What you will do: An exact reproduction of the records is required, with all images left out.

● ● ● ● ●

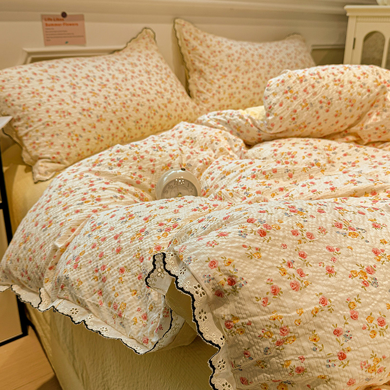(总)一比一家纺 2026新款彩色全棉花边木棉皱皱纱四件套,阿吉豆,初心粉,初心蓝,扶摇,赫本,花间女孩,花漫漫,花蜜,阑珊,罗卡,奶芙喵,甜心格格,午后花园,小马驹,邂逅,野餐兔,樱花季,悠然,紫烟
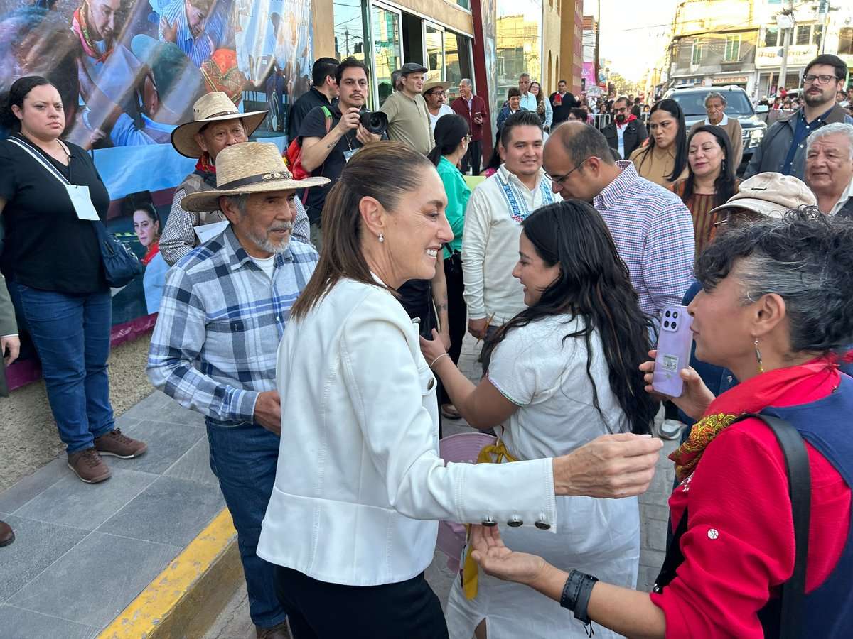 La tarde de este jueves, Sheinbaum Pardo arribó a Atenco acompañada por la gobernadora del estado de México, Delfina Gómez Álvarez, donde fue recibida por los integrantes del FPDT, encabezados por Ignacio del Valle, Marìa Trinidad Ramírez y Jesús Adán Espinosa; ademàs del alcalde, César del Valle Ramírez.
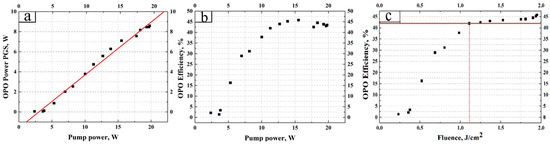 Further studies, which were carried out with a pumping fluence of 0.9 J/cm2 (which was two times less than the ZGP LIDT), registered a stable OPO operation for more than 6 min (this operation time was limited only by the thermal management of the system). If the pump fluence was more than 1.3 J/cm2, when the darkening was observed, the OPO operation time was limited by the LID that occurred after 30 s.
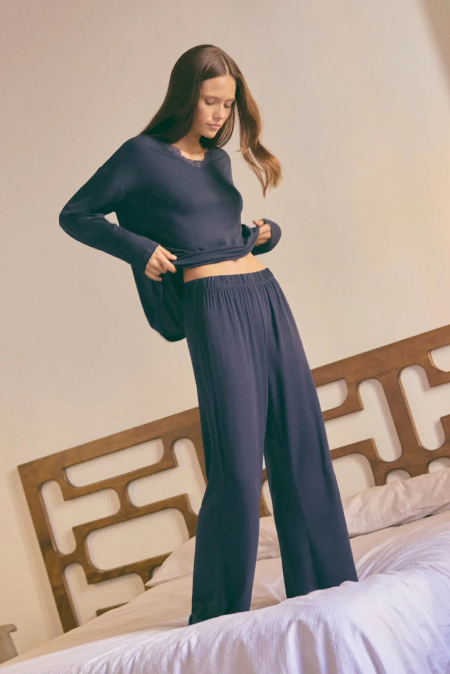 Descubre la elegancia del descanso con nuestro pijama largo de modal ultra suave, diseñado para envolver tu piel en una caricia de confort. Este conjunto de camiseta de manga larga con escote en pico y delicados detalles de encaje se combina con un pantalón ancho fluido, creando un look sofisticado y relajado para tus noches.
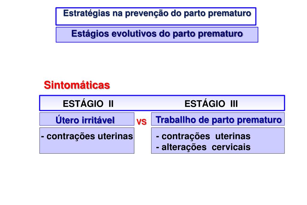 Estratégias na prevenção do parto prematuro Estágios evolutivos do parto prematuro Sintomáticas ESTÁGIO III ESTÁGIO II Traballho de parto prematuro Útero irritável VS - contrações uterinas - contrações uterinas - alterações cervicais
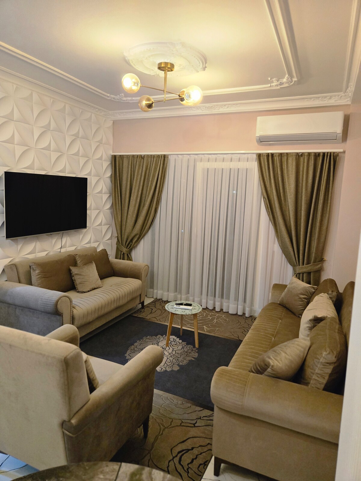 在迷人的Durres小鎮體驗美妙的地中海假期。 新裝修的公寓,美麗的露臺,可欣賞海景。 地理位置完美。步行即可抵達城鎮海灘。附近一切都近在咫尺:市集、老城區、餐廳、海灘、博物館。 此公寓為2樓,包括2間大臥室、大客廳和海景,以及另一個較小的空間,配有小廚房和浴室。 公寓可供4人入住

● ● ● ● ●

Answer area:
(总)一比一家纺 2026新款彩色全棉花边木棉皱皱纱四件套,阿吉豆,初心粉,初心蓝,扶摇,赫本,花间女孩,花漫漫,花蜜,阑珊,罗卡,奶芙喵,甜心格格,午后花园,小马驹,邂逅,野餐兔,樱花季,悠然,紫烟
 La tarde de este jueves, Sheinbaum Pardo arribó a Atenco acompañada por la gobernadora del estado de México, Delfina Gómez Álvarez, donde fue recibida por los integrantes del FPDT, encabezados por Ignacio del Valle, Marìa Trinidad Ramírez y Jesús Adán Espinosa; ademàs del alcalde, César del Valle Ramírez.
 Further studies, which were carried out with a pumping fluence of 0.9 J/cm2 (which was two times less than the ZGP LIDT), registered a stable OPO operation for more than 6 min (this operation time was limited only by the thermal management of the system). If the pump fluence was more than 1.3 J/cm2, when the darkening was observed, the OPO operation time was limited by the LID that occurred after 30 s.
 Descubre la elegancia del descanso con nuestro pijama largo de modal ultra suave, diseñado para envolver tu piel en una caricia de confort. Este conjunto de camiseta de manga larga con escote en pico y delicados detalles de encaje se combina con un pantalón ancho fluido, creando un look sofisticado y relajado para tus noches.
 Estratégias na prevenção do parto prematuro Estágios evolutivos do parto prematuro Sintomáticas ESTÁGIO III ESTÁGIO II Traballho de parto prematuro Útero irritável VS - contrações uterinas - contrações uterinas - alterações cervicais
 在迷人的Durres小鎮體驗美妙的地中海假期。 新裝修的公寓,美麗的露臺,可欣賞海景。 地理位置完美。步行即可抵達城鎮海灘。附近一切都近在咫尺:市集、老城區、餐廳、海灘、博物館。 此公寓為2樓,包括2間大臥室、大客廳和海景,以及另一個較小的空間,配有小廚房和浴室。 公寓可供4人入住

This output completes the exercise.